Drawing bell curve – example of 3 bell curves

import numpy as np
import matplotlib.pyplot as plt
from scipy.stats import norm

#x-axis ranges from -5 and 5 with .001 steps
x = np.arange(-5, 5, 0.001)

#define multiple normal distributions
plt.plot(x, norm.pdf(x, 0, 1), label='μ: 0, σ: 1', color='gold')
plt.plot(x, norm.pdf(x, 0, 1.5), label='μ:0, σ: 1.5', color='red')
plt.plot(x, norm.pdf(x, 0, 2), label='μ:0, σ: 2', color='pink')

#add legend to plot
plt.legend(title='Parameters')

#add axes labels and a title
plt.ylabel('Density')
plt.xlabel('x')
plt.title('Normal Distributions', fontsize=14)

plt.show()

Bell curves example – height of men and women

import numpy as np
import matplotlib.pyplot as plt
from scipy.stats import norm

#x-axis ranges from -5 and 5 with .001 steps
x = np.arange(140, 200, 0.001)

#define multiple normal distributions
plt.plot(x, norm.pdf(x, 178.4, 7.6), label='men', color='blue')
plt.plot(x, norm.pdf(x, 164.7, 7.1), label='women', color='red')

#add legend to plot
plt.legend(title='Parameters')

#add axes labels and a title
plt.ylabel('Density')
plt.xlabel('height in cm')
plt.title('Normal Distributions', fontsize=14)

plt.show()

Hypothesis testing

Binomial Test

A car manufacturer claims that no more than 10% of their cars are unsafe. 15 cars are inspected for safety, 3 were found to be unsafe. Test the manufacturer’s claim:

from scipy import stats

b = stats.binom_test(3 , n=15, p=0.1, alternative='greater')

print(b)

One-sample T-Test

https://docs.scipy.org/doc/scipy/reference/generated/scipy.stats.ttest_1samp.html#scipy.stats.ttest_1samp

The literature says that men of a fictional tribe of the Eagles have an average height of 175 cm.

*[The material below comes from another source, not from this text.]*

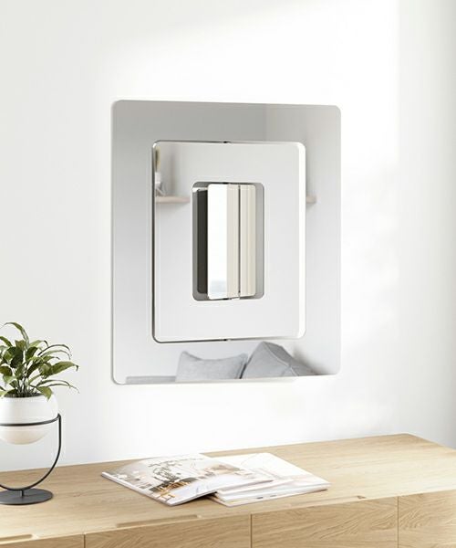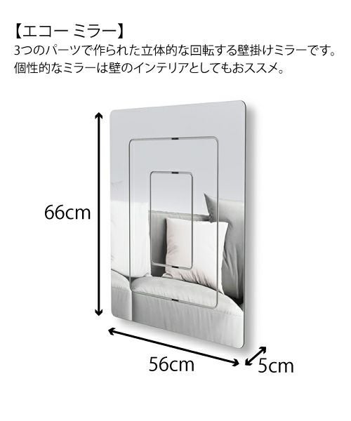 3つのパーツで作られた立体的な回転する壁掛けミラー です。 壁へ取り付けた背板をを軸として3枚のミラーを様々な角度へ回転させることが出来るため、自由な角度で止めておくことができます。 個性的なミラーは芸術作品として壁のインテリアとしておススメです。 エコー ミラーは付属のネジで簡単に取付けをすることが可能です。 *こちらの商品はラッピング対応不可となります。予めご了承ください。

The anthropologist that visited the tribe measured ten men selected by random these were the heights measured.

Based on the measured sample, decide if the literature is right or not.

from scipy import stats

eagles = [153, 156, 156, 167, 166, 167, 168, 174, 175, 181]

p = stats.ttest_1samp(eagles,175)

print(p)

Sign Test

Bank of America West Palm Beach, FL branch manager indicates
that the median number of savings account customers per day is 64.
A clerk from the same branch claims that it was more than 64.
Clerk collected the number of savings account customers per day data for 10 random days.
Can we reject the branch manager’s claim at 95% significance level?

from scipy import stats

customer = [60,66,65,70,68,72,46,76,77,75]

expectedmedian = 64

lower=0

for i in customer:
    if i<expectedmedian:
        lower = lower + 1

signtest = stats.binom_test(lower , n=len(customer), p=0.5, alternative='less')

print(signtest)

Two-Sample T-Test

https://docs.scipy.org/doc/scipy/reference/generated/scipy.stats.ttest_ind.html

The literature says that men of a fictional tribe of the Eagles have the same average height as the fictional tribe of the Bulls.
The researcher measured 10 random men from each tribe and want to conclude that height of tribes is the same, on 95% level of significance (alpha = 5%) Is it the same?

from scipy import stats

eagles = [153, 156, 156, 161, 166, 167, 168, 174, 175, 181]
bulls = [160, 165, 168, 170, 171, 174, 176, 181, 181, 183]

p = stats.ttest_ind(eagles,bulls)

print(p)

Correlation test

https://docs.scipy.org/doc/scipy/reference/stats.html

An HR manager wants to understand the perception of the hiring process among new hires. They ran a survey rating where 0 = awful 20 = wonderful experience. The manager want to see if the rating is correlated with the numbers of days to hire.

from scipy import stats

daystohire = [38,32,41,48,47,50,27,39,47,33,36,30]
satisfaction = [9,15,13,12,7,4,15,9,7,16,7,11]

k = stats.pearsonr(daystohire,satisfaction) 
print(k)